● **EXERCISE DATA**
********
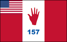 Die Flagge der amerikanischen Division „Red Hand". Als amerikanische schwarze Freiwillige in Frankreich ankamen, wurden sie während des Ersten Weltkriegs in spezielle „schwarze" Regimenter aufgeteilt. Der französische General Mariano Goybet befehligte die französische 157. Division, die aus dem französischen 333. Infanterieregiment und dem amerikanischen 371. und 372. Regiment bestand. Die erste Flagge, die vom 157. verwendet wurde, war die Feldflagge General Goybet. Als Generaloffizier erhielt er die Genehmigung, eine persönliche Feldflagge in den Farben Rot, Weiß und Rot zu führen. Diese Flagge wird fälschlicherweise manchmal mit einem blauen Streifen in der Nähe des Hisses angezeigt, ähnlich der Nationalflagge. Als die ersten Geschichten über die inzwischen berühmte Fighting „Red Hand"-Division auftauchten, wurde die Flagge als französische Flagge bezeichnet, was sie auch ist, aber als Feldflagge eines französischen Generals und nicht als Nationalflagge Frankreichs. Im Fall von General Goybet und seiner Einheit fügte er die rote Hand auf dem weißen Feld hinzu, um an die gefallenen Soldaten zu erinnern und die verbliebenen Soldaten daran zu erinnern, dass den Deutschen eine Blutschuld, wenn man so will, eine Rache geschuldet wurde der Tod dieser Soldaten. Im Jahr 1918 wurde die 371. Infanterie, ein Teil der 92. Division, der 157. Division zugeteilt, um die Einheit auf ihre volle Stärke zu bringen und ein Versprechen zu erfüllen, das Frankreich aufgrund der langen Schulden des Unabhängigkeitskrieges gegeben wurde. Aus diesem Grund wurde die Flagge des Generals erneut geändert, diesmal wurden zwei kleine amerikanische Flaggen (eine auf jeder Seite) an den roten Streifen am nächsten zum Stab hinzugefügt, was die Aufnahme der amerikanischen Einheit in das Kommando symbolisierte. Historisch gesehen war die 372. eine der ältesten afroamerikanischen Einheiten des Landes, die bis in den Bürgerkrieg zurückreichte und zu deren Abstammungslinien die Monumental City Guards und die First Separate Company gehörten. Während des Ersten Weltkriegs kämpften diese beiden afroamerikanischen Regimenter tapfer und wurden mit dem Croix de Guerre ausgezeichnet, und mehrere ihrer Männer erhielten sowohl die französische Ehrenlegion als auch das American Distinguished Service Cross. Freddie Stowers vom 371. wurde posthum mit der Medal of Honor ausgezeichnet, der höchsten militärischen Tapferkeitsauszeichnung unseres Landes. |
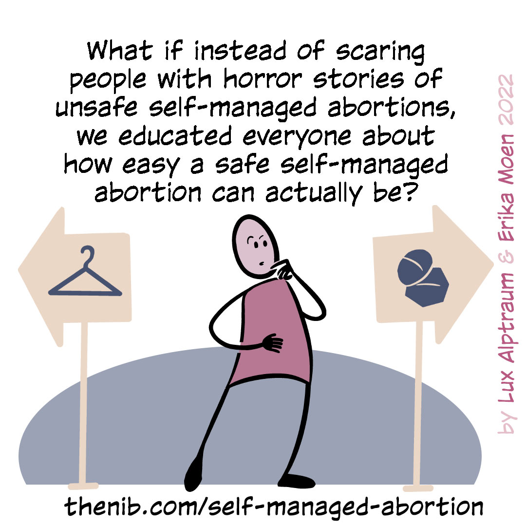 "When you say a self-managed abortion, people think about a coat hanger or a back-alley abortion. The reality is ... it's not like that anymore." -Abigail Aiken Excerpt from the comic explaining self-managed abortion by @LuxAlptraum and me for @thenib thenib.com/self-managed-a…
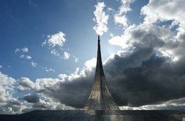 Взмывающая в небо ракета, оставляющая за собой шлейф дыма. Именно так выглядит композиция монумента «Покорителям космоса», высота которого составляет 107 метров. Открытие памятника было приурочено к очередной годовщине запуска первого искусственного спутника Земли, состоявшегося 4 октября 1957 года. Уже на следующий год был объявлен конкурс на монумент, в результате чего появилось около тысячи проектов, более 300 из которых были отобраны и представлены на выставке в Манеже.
********
All lines from the one containing "for @thenib thenib.com/self-managed-a…" through the end of the data are to be restated exactly, with nothing else and without the pictures.

 "When you say a self-managed abortion, people think about a coat hanger or a back-alley abortion. The reality is ... it's not like that anymore." -Abigail Aiken Excerpt from the comic explaining self-managed abortion by @LuxAlptraum and me for @thenib thenib.com/self-managed-a…
 Взмывающая в небо ракета, оставляющая за собой шлейф дыма. Именно так выглядит композиция монумента «Покорителям космоса», высота которого составляет 107 метров. Открытие памятника было приурочено к очередной годовщине запуска первого искусственного спутника Земли, состоявшегося 4 октября 1957 года. Уже на следующий год был объявлен конкурс на монумент, в результате чего появилось около тысячи проектов, более 300 из которых были отобраны и представлены на выставке в Манеже.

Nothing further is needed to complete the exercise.